***** RECORD EXTRACTS
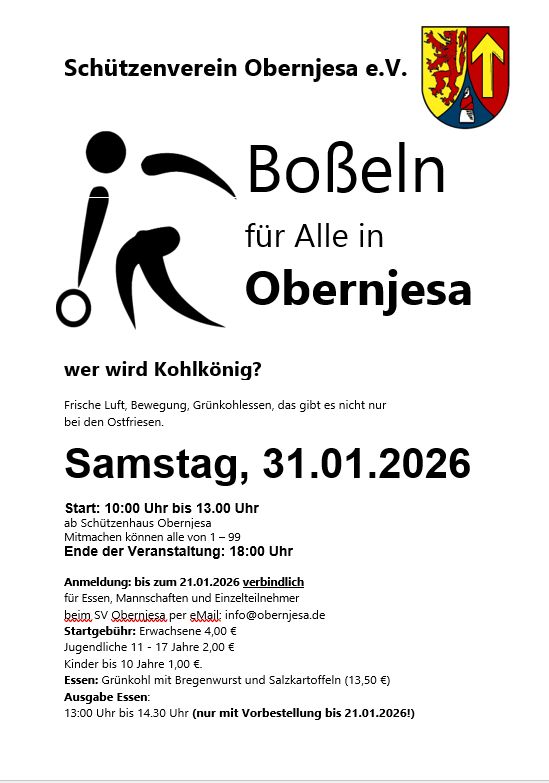Boßeln 2026 20. Januar 202621. Juni 2025 von admin Wann und Wo? Schützenhaus Obernjesa 31. 01. 2026, ab 10:00 Uhr Natürlich gibt es Grünkohl, Bregenwurst und Salzkartoffeln.
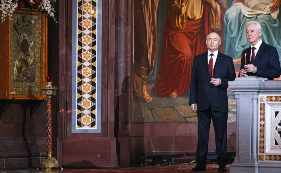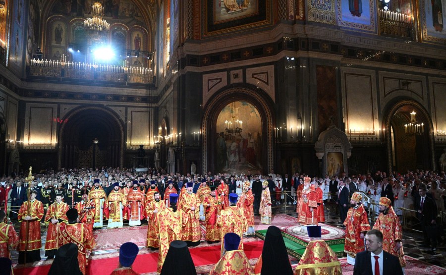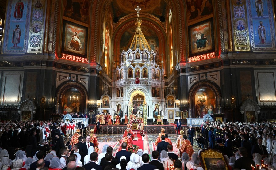 Vladimir Poutine et le maire de Moscou, Sergueï Sobianine, ont assisté à la veillée pascale à la cathédrale du Christ-Sauveur. L’office divin a été célébré par le patriarche Cyrille de Moscou et de toute la Russie.
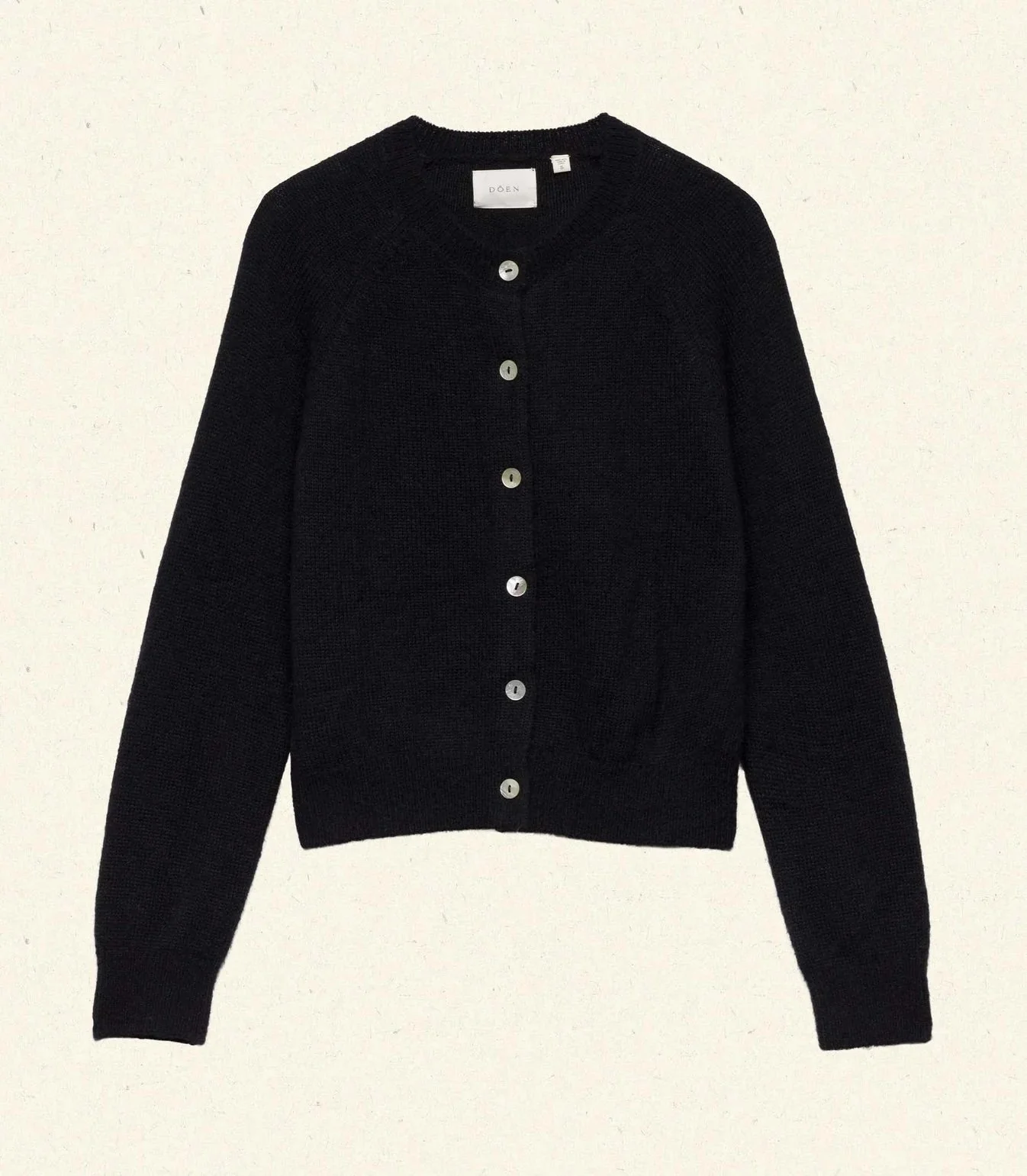 In a soft baby alpaca blend, Doen’s forever-favorite Petra Cardigan features a crew neck, fitted raglan sleeves, and ribbing at the neckline, cuffs, and hem. Mother-of-pearl buttons extend down the front.
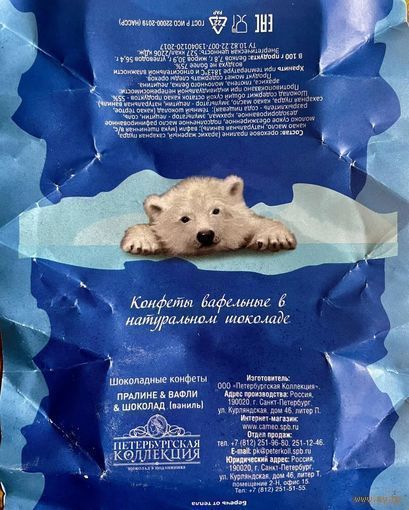 Фантик/обертка от конфеты "Мишка на севере" Россия ООО" Петербургская Коллекция"
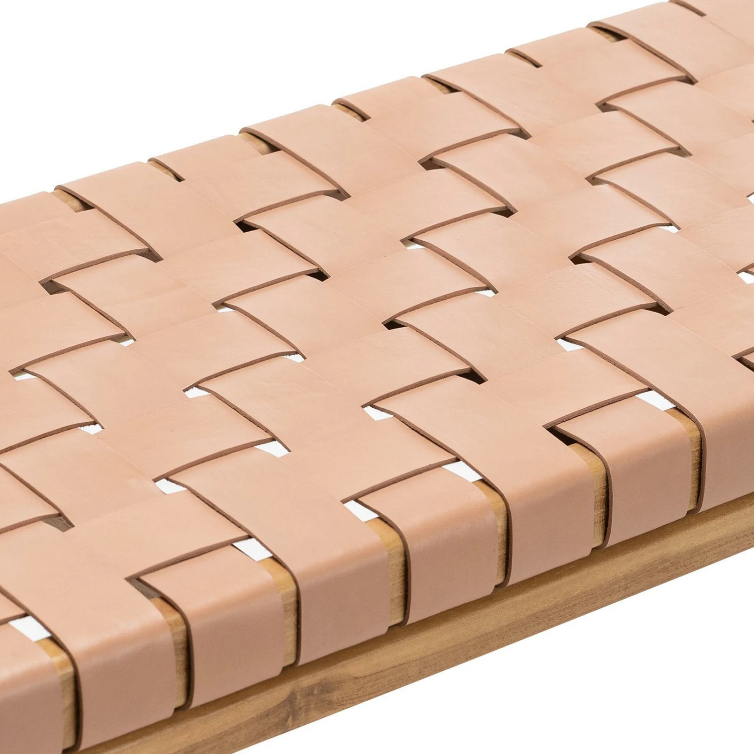 - Danish inspired 1.5m hand-woven genuine cowhide 5cm leather strapped bench
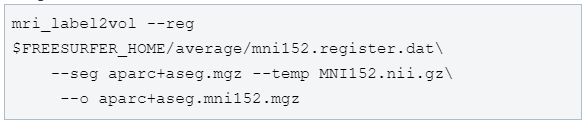 将DK模板转到MNI152空间,这里使用了Freesurfer自带的mni152的变换矩阵,因此不需要做配准。如果需要提取的数据在其他的空间,参见上面的tkregister2或者其他方式做配准获取相应的变换矩阵。
**********
TASK REQUIREMENTS: What is needed is an exact restatement of every line from the one containing "- Danish inspired" through the last line of the records, pictures left out.

WRITTEN REPLY:
 - Danish inspired 1.5m hand-woven genuine cowhide 5cm leather strapped bench
 将DK模板转到MNI152空间,这里使用了Freesurfer自带的mni152的变换矩阵,因此不需要做配准。如果需要提取的数据在其他的空间,参见上面的tkregister2或者其他方式做配准获取相应的变换矩阵。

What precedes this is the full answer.